Mit ähnlichen semantischen Aufladungen waren schliesslich die Debatten während der US-Intervention 2001 in Afghanistan bestückt. Lady Bush unterstützte nicht nur die Absicht der Regierung ihres Mannes, George H. W. Bush, Terroristen im Zuge der „Operation Enduring Freedom“ zu bekämpfen, sondern sie mobilisierte – genauso wie zuvor feministische Organisationen, Hollywood Berühmtheiten und liberale wie konservative Politiker – gegen die massiven Repressionen der – anfänglich von den USA aufgerüsteten – Taliban gegenüber afghanischen Frauen. In diesem Sinne stellte die militärische zugleich auch eine „zivilisatorische“ Intervention im Namen der afghanischen Frauen dar, da der „Burka verschleierte Körper“ der afghanischen Frau, so Charles Hirschkind und Saba Mahmood, zum „sichtbaren Zeichen eines unsichtbaren Feindes wurde, der nicht nur ‚uns‘ Bürger des Westens, sondern unsere gesamte Zivilisation bedrohe.“
Ähnliche Argumente sind heute in der Schweiz zu hören. Walter Wobmann (SVP), einer der massgebenden Figuren hinter der Burka-Initiative, drückte es unmissverständlich aus: „Minarette, Burka, Niqab sind typische Symbole für den radikalen Islam, den in unseren Breitengraden niemand will.“ Stringent sind in dieser Logik Gesetze, welche diese ‚mangelhaften‘ und ‚unterdrückten‘ Subjekte zu Individuen nach europäischen Standards formen, Gesetze, die angeblich unemanzipierte Frauen von ihrem eigenen elenden Schicksal emanzipieren und damit eine weitere Radikalisierung der Schweizer Gesellschaft verhindern sollen.
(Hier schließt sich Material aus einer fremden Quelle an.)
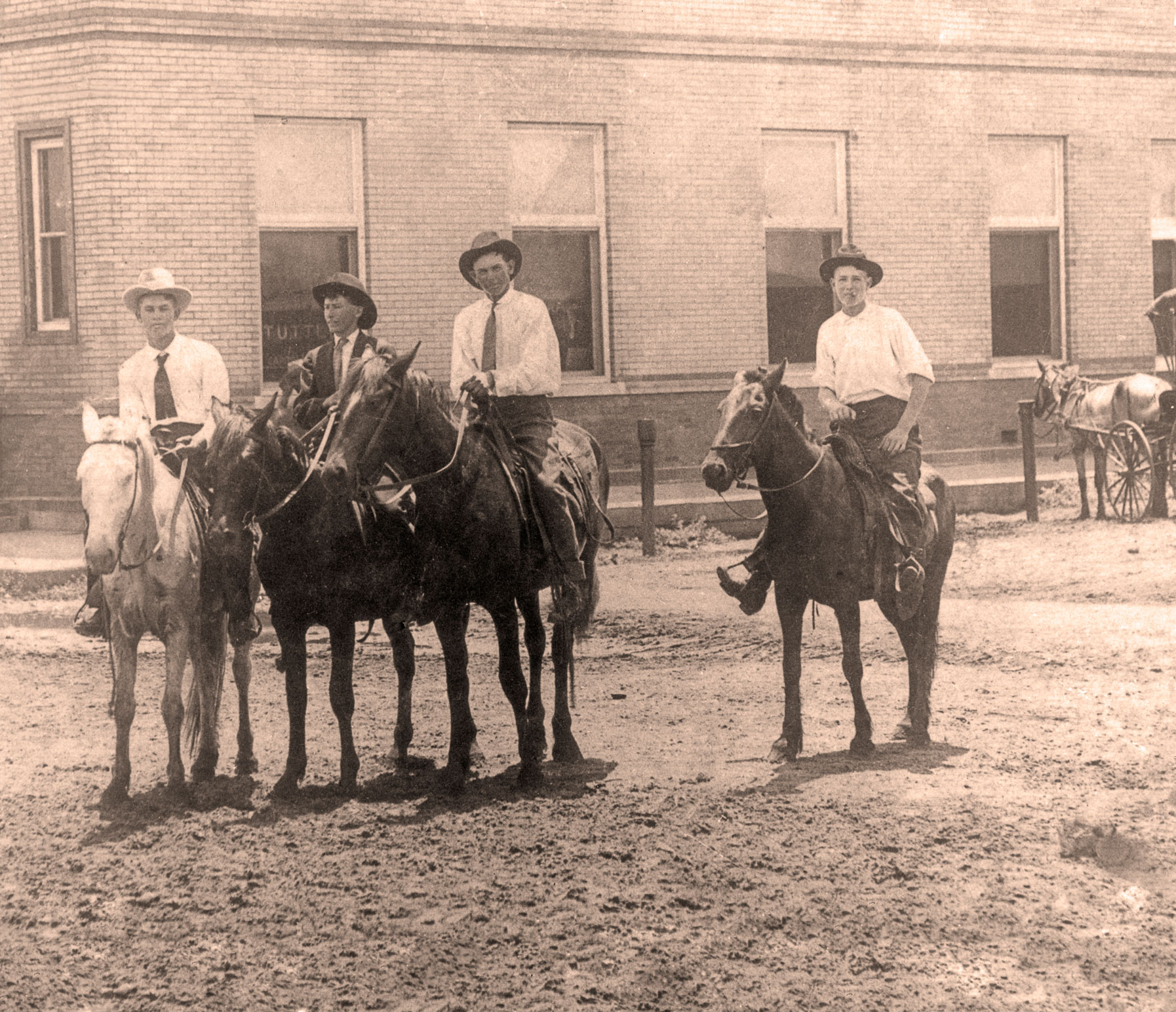 Were these boys headed for Sunday services or Saturday night fun? The true story of these cowboys is unknown, but that doesn’t stop locals from speculating what they might be doing in this downtown Tuttle intersection circa 1900. This image was shared by John and Cherryl Paxton from the Norma Jean Gambill Collection of early Tuttle photography. Cherryl is a member of the Tuttle Historical Society. The Paxtons have lived in the same home west of Tuttle for nearly 60 years.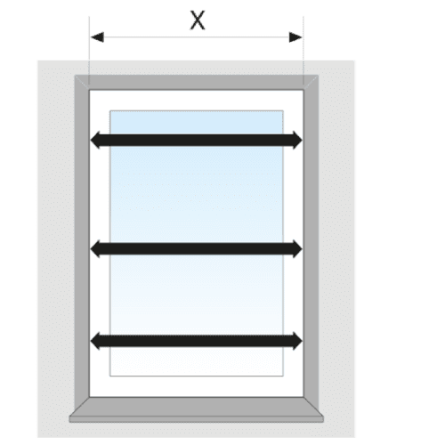 - Hanteer bij montage van geleiders tussen de muur of op het kozijn 5mm speling aan, trek dus 5mm van de kleinste gemeten afmeting af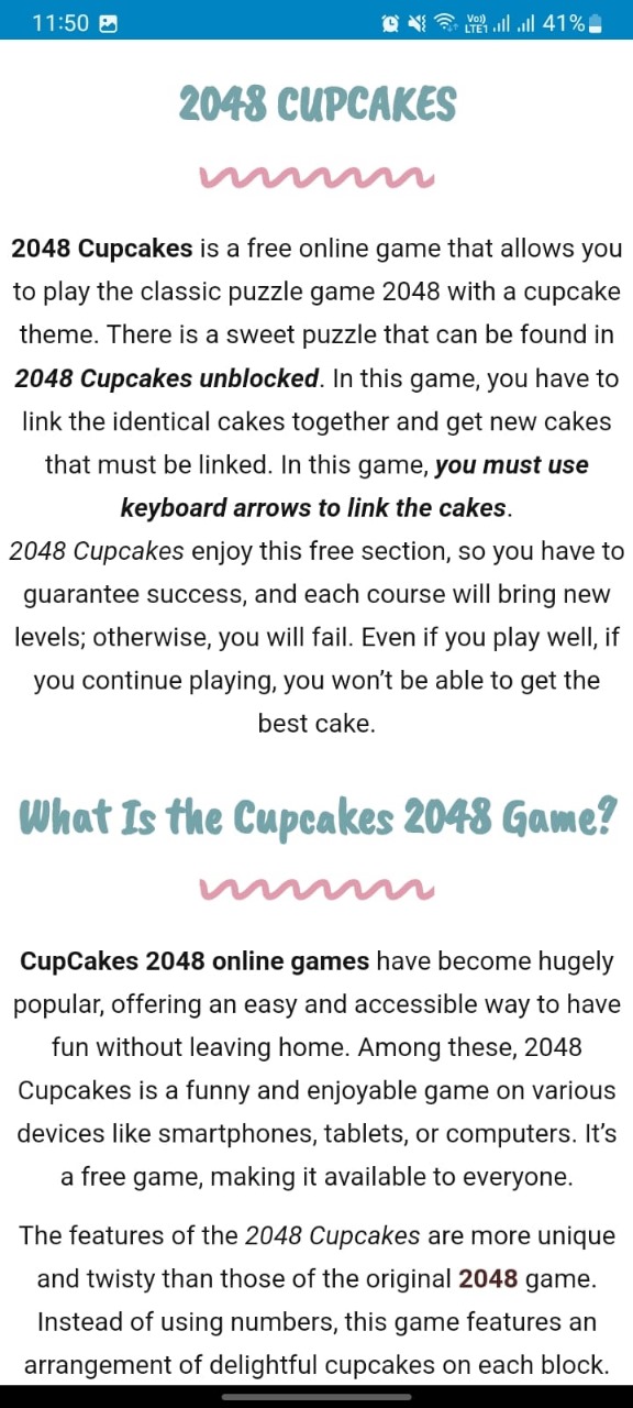 Players make various strategies to score high in 2048 Cupcakes. A popular technique involves carefully moving the cupcakes to ensure that similar ones combine, maximizing points. Another trick is positioning the highest-value cupcake in a corner and skillfully moving the other blocks around it. These methods prevent the high-value cupcakes from getting caught and help achieve better scores.CupCakes 2048 online games have become hugely popular, offering an easy and accessible way to have fun without leaving home. Among these, 2048 Cupcakes is a funny and enjoyable game on various devices like smartphones, tablets, or computers. It’s a free game, making it available to everyone.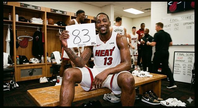 迈阿密热火队球星巴姆·阿德巴约今天出门前肯定是背着我们偷吃了什么灵丹妙药——这哥们儿今晚居然狂砍了83分!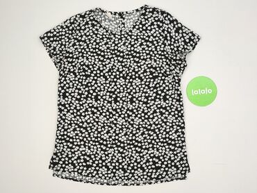 Czarna, lekka bluzka damska z kwiatowym nadrukiem - Wzór: duże, wielobarwne kwiaty (odcienie różu, brzoskwini, zieleni) na czarnym tle - Krój: luźny, przewiewny, z krótkim rękawem; delikatnie zwęż...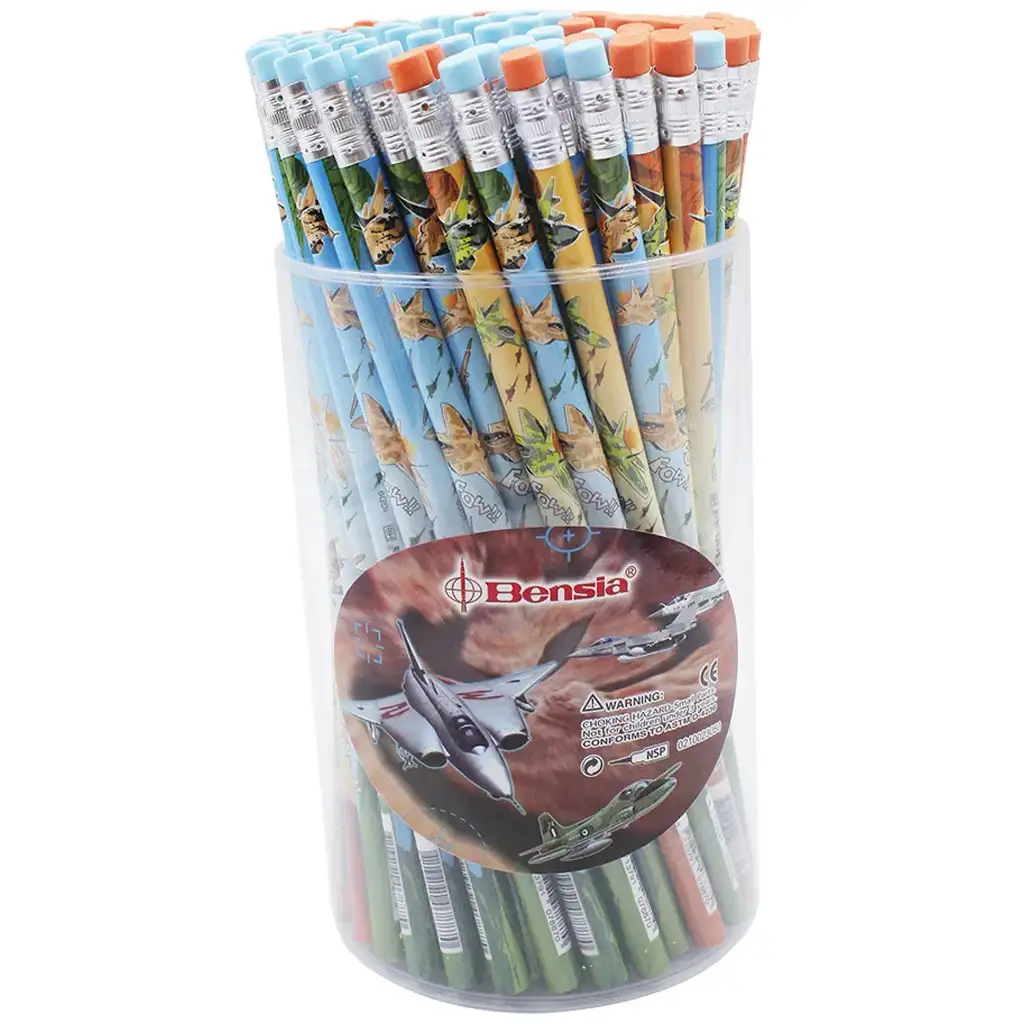 Ak vaše dieťa miluje lietadlá a výnimočné písacie potreby, grafitová ceruzka Bensia s motívom lietadla bude preňho perfektnou voľbou! Tieto jedinečné ceruzky nie sú len praktickými písacími potrebami na školské alebo domáce použitie, ale vďaka vzrušujúcemu dizajnu sa stanú obľúbenými pre všetkých milovníkov lietania. Na celom povrchu ceruziek sú farebné vzory stíhačiek a bojových lietadiel, vďaka čomu je písanie zážitkom!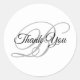 Erstellen Sie Ihre eigenen Dankeschön-Aufkleber mit dem Monogramm des Paares mit einem extravaganten kalligraphischen Skript in hellgrau. Mit dieser extravaganten Monografie wird es notwendig sein, die Buchstabenplatzierung für einen Teil des Alphabets zu verschieben. Sie können die Farben, die Größe und die Platzierung des Schriftartes anpassen. Sie können den Kalligrafiestil ändern. Extravagante Schrift-Kalligraphie-Hochzeit weiß, grau und schwarz Dankeschön.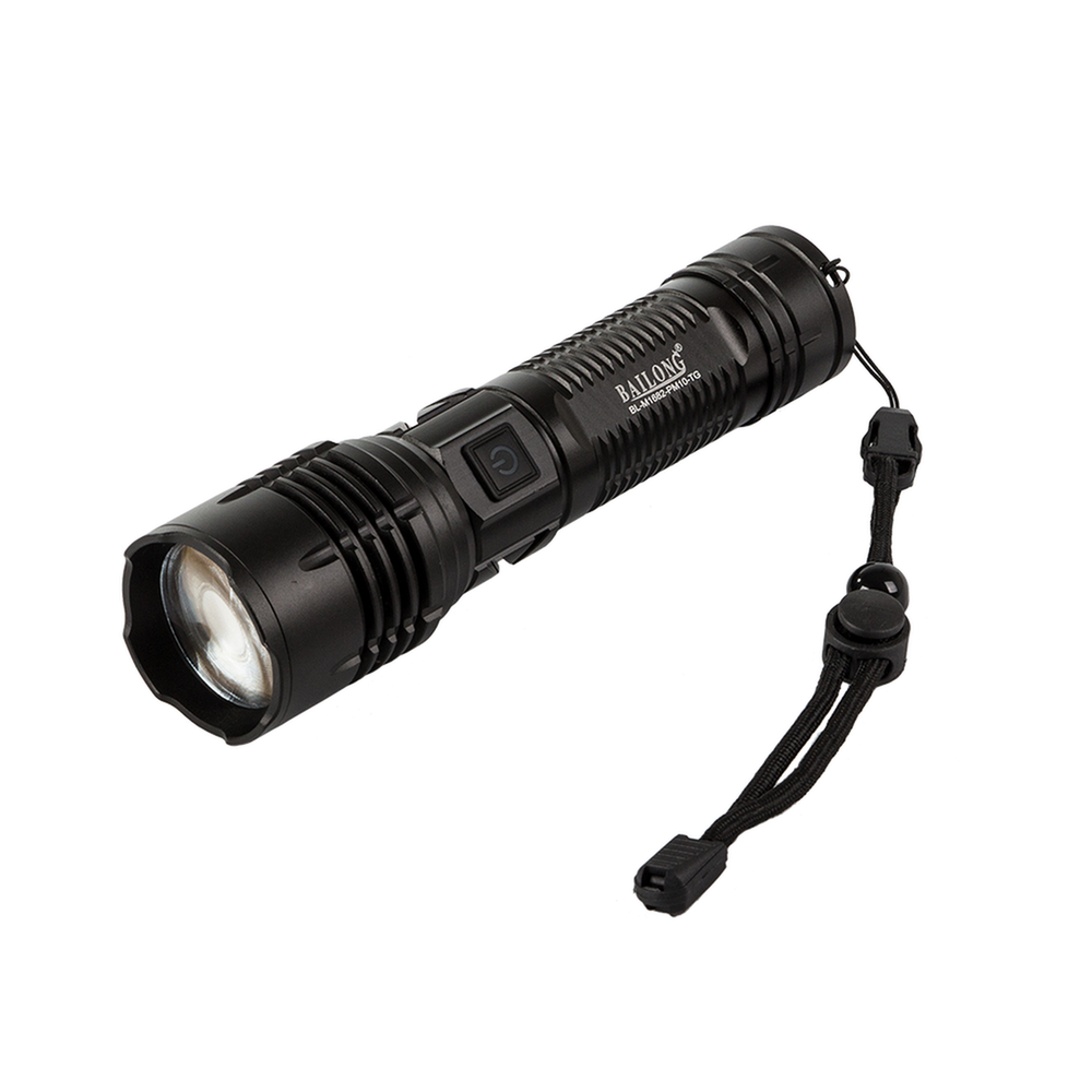 MILITARY TACTICAL TORCH WITH CREE LED PM10-TG ZOOM MODEL M1682 POWER BANK FUNCTION FROM THE RENOWNED BAILONG® BRAND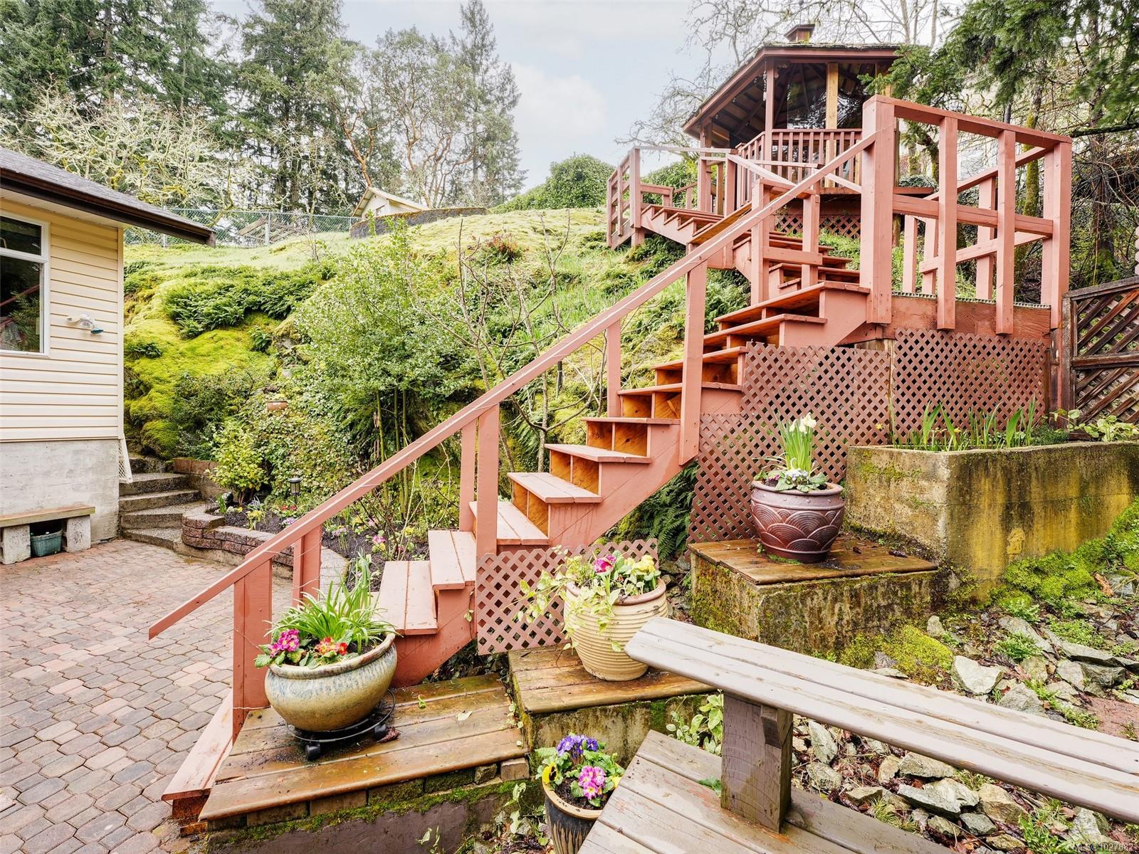 SPACIOUS BRENTWOOD BAY FAMILY HOME. Situated in a quiet neighbourhood this 3 bed, 3 bath home awaits its new owners. This lovely home with AC/heat pump captures timeless features with hardwood floors and beautiful mill work. Enter through the lower area which offers a second primary bedroom (no closet) with 4 piece ensuite and heated floors or use as an office/den/ recreation room. The walk-in crawlspace has plenty of storage. The main level features a formal living room with a natural gas fireplace and separate dining area. The kitchen has a cozy eating area with access to the front deck, few steps up to the main primary bedroom with walk-in closet and 3 pieces ensuite, 2nd bedroom, 4 piece main bath and laundry. The family room leads to the back yard which offers several different seating areas and a staircase to take you to the top of the property to enjoy the views. Wander through the rock pathway and enjoy the thoughtfully landscaped garden beds and tiered yard. The oversized double garage will have the hobbyists right in their element. Located close to Gore & Amwell Park, Butchart Gardens & Anglers Anchorage Marina.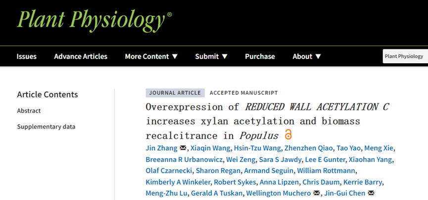 近日,国家重点实验室林木木材品质研究团队张进教授在植物学领域著名期刊《Plant Physiology》在线发表了题为Overexpression ofREDUCED WALL ACETYLATION Cincreases xylan acetylation and biomass recalcitrance inPopulus的研究论文。该研究揭示了细胞壁木聚糖乙酰化影响杨树生物质能源转化效率的新机制。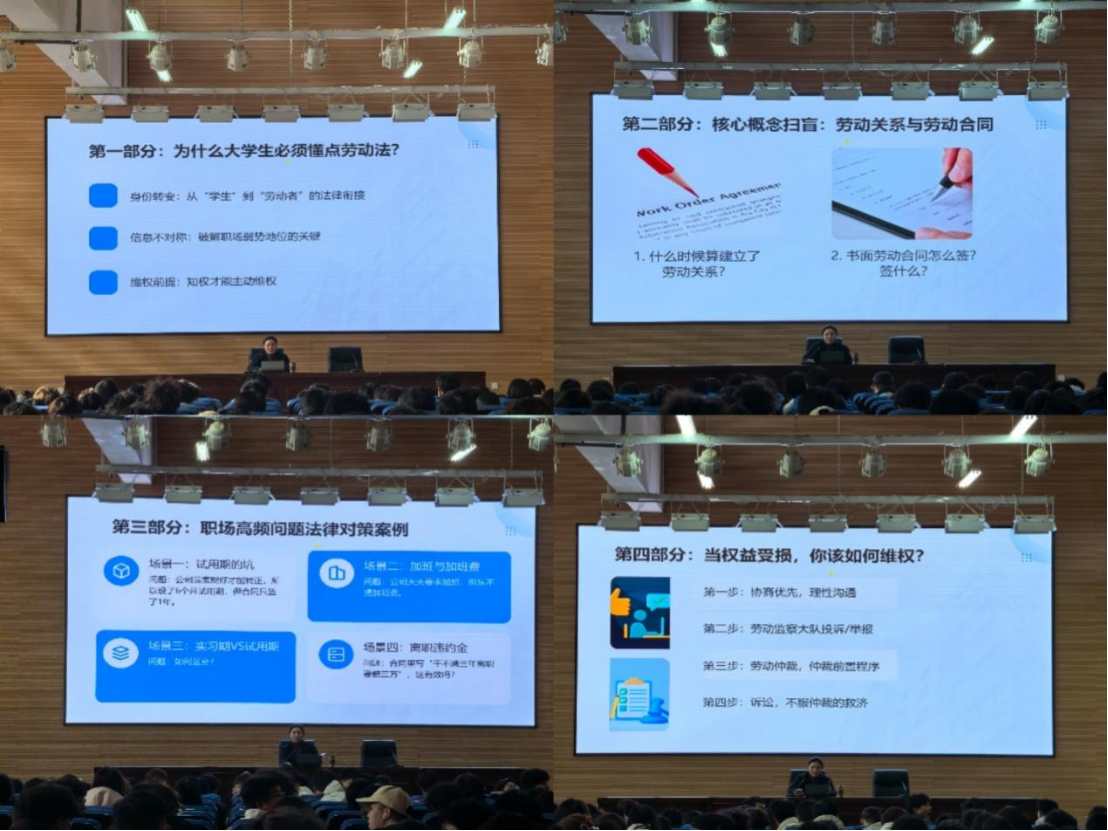 讲座内容紧密结合学生成长需求与专业特点,从我国法律体系整体框架出发,重点解读了与大学生密切相关的《劳动法》《劳动合同法》,助力学生树立职场权益保护意识;通过《民法典》合同编相关内容,深入剖析建设工程施工合同的关键条款与风险防范,提升学生在未来工程实践中的法律运用能力;同时,结合刑法典型案例开展警示教育,引导学生筑牢职业伦理底线,自觉远离违法犯罪。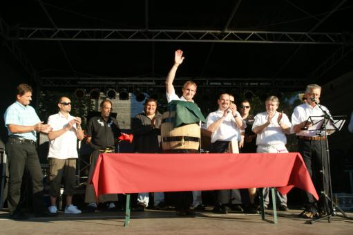 Traditioneller Fassanstich durch den Bürgermeister.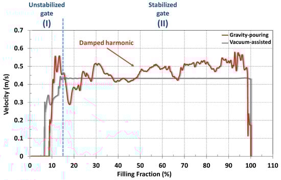 Stage (ii) represents the filling process when the metal liquid was stabilized at the gate. As shown in Figure 8, the gravity-pouring mould showed a filling with fluctuations over an average value of 0.48 m/s. The initial source effect dragged these fluctuations during the filling process. In addition, a damped harmonic state was observed in which the flow-generated waves decreased in amplitude as the filling process was completed. This is consistent with Figure 7a, where waves generated by the source effect tended to decrease and the flow became more stable. High runner pressures and large areas in the cavity result in higher gate velocities [,]. Even so, only in specific cases did the average velocity exceed the critical value of 0.5 m/s. Therefore, there was low risk of gas entrapment.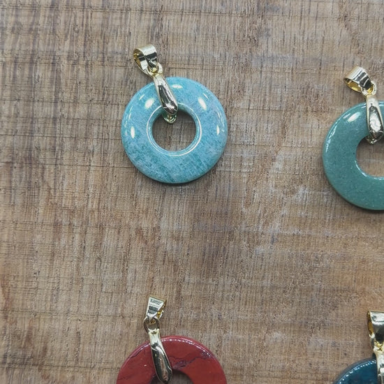 Ce pendentif donut en pierre naturelle de 25 mm est monté avec une bélière au choix : dorée ou argentée.

Types of Islamic veils; Quelle: barringtonstageco.org
Es geht mithin um die Frage, wie die Mehrheitskultur Minderheiten – auch religiösen – begegnet; und ob Rechtsbestimmungen zum Tragen kommen sollen, die das Prinzip der gleichen Freiheit verletzen. In praktisch all diesen Debatten kommen übrigens Muslimas kaum je zu Wort: ‚Wir‘ sind es, die über ‚andere‘ reden und bestimmen. Damit aufzuhören und die ‚Anderen‘ nicht nur zu Wort kommen lassen, sondern auch – ganz im Sinne Martha Nussbaums – ernst zu nehmen, ist nicht nur eine Frage der demokratischen Verständigungskultur, es ist auch eine des Respekts. Kein Geringerer als der westliche Modepapst schlechthin, Giorgio Armani, hat dies bereits vor Jahren auf den Punkt gebracht, als er die Burka verteidigte: „Es ist eine Frage des Respekts gegenüber den Überzeugungen und der Kultur der Anderen. Wir müssen mit diesen Vorstellungen leben.“ Immerhin er wurde gehört. Nicht nur bei Giorgio Armanis Modeschauen, sondern auch bei so globalen Unternehmen wie dem japanischen Textilriesen Uniqlo sind Kopfschmuck und Schleier mittlerweile heimisch geworden.